● Data block:
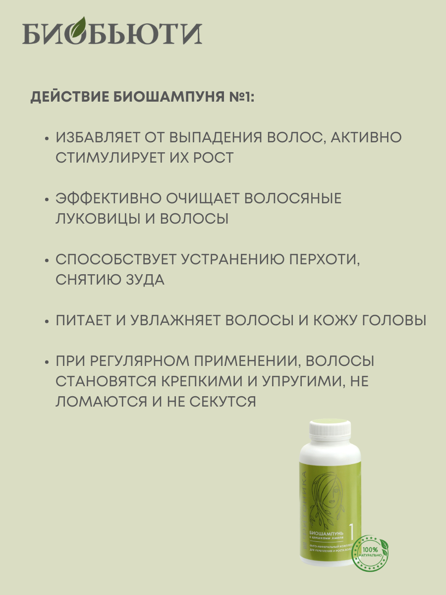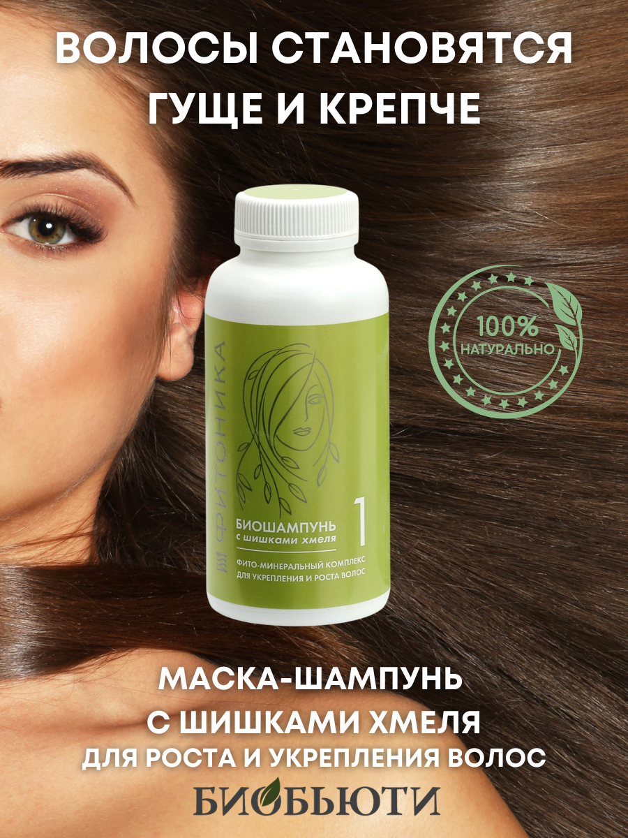 Биошампунь «Фитоника» № 1 «С шишками хмеля» - сухой шампунь, изготовленный из вулканических минералов (цеолитов), солей и полезных растений. Натуральный шампунь осуществляет активное воздействие на клетки кожи за счет наличия минералов в составе данного средства. Он идеально подходит людям с чувствительной, склонной к аллергическим реакциям, кожей, так как не содержит вредных добавок. Средство отлично очищает волосы от частиц пыли и от жира. Еженедельное применение шампуня в сочетании с массажем способствует отшелушиванию мертвых частиц и сорбции загрязнений. Полезные элементы средства попадают в структуру волос, а органические кислоты способствуют улучшению кровообращения кожи. За счет комплексного воздействия шампуня для укрепления волос нормализуется состояние кожи головы, волосы становятся толще, эластичнее, не ломаются и не секутся. Средство также избавляет от перхоти, раздражений, также избавляет от выпадения волос, оно активно стимулирует их рост. Маска-шампунь эффективно очищает волосяные луковицы и волосы, способствует устранению перхоти, снятию зуда. Снимает раздражение кожи, не вызывает аллергии. После некольких применений волосы становятся крепкими и упругими, они не ломаются и не секутся, выглядят здоровыми и красивыми.
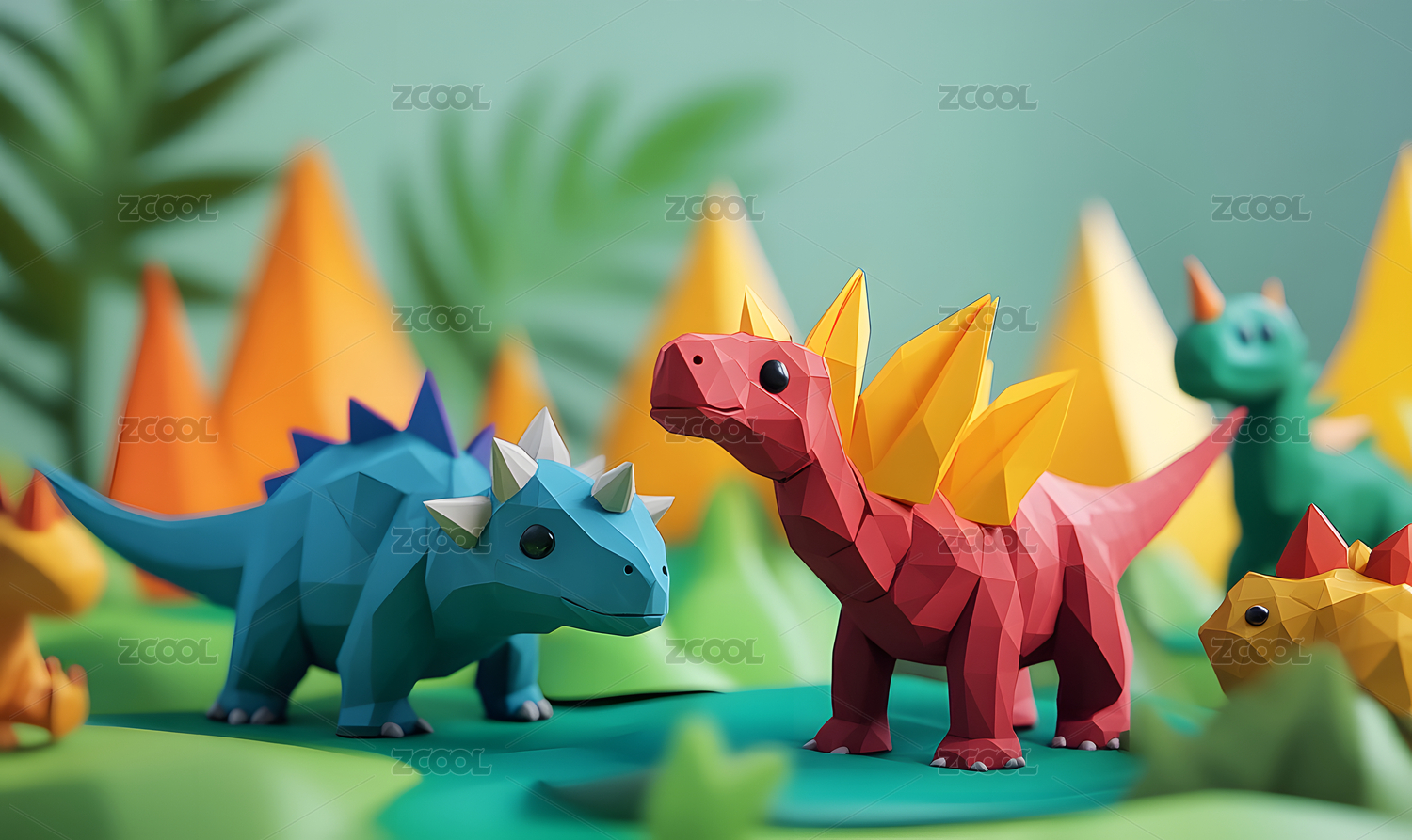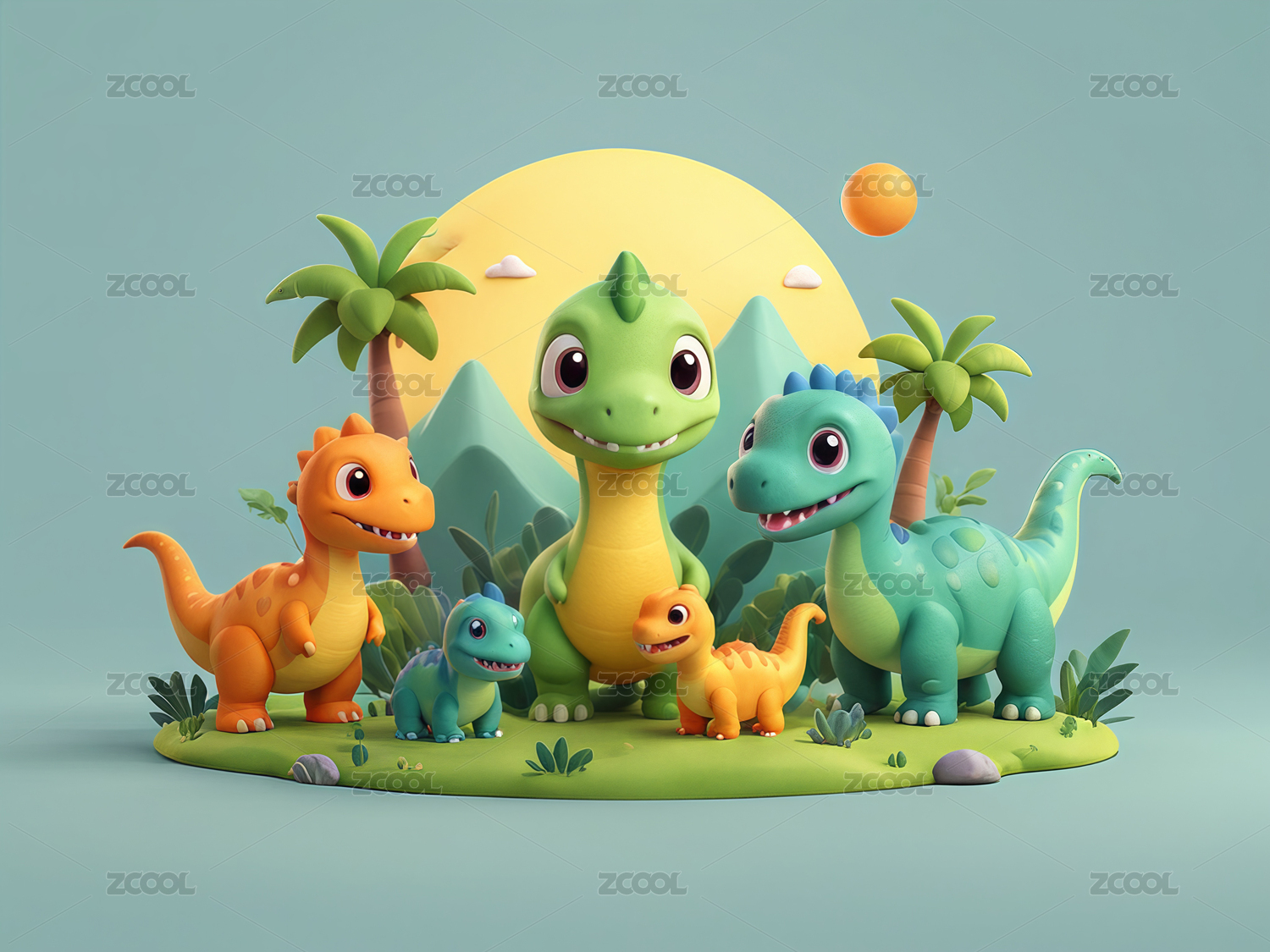 3D可爱恐龙插画六一儿童节卡通动物背景
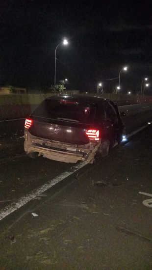 Ao chegar no local, a guarnição encontrou o veículo envolvido no acidente parado no meio da pista, em um trecho com pouca iluminação, representando um risco adicional. O motorista, já fora do carro, foi encontrado sentado no acostamento, com cortes na cabeça, hemorragia e sinais de possível fratura no nariz. Ele também relatou dores no ombro direito e apresentava sinais de confusão, com falas repetitivas.

● Exercise goal:
Quote the data exactly, leaving every image out of the copy.

● Task solution:
 Биошампунь «Фитоника» № 1 «С шишками хмеля» - сухой шампунь, изготовленный из вулканических минералов (цеолитов), солей и полезных растений. Натуральный шампунь осуществляет активное воздействие на клетки кожи за счет наличия минералов в составе данного средства. Он идеально подходит людям с чувствительной, склонной к аллергическим реакциям, кожей, так как не содержит вредных добавок. Средство отлично очищает волосы от частиц пыли и от жира. Еженедельное применение шампуня в сочетании с массажем способствует отшелушиванию мертвых частиц и сорбции загрязнений. Полезные элементы средства попадают в структуру волос, а органические кислоты способствуют улучшению кровообращения кожи. За счет комплексного воздействия шампуня для укрепления волос нормализуется состояние кожи головы, волосы становятся толще, эластичнее, не ломаются и не секутся. Средство также избавляет от перхоти, раздражений, также избавляет от выпадения волос, оно активно стимулирует их рост. Маска-шампунь эффективно очищает волосяные луковицы и волосы, способствует устранению перхоти, снятию зуда. Снимает раздражение кожи, не вызывает аллергии. После некольких применений волосы становятся крепкими и упругими, они не ломаются и не секутся, выглядят здоровыми и красивыми.
 3D可爱恐龙插画六一儿童节卡通动物背景
 Ao chegar no local, a guarnição encontrou o veículo envolvido no acidente parado no meio da pista, em um trecho com pouca iluminação, representando um risco adicional. O motorista, já fora do carro, foi encontrado sentado no acostamento, com cortes na cabeça, hemorragia e sinais de possível fratura no nariz. Ele também relatou dores no ombro direito e apresentava sinais de confusão, com falas repetitivas.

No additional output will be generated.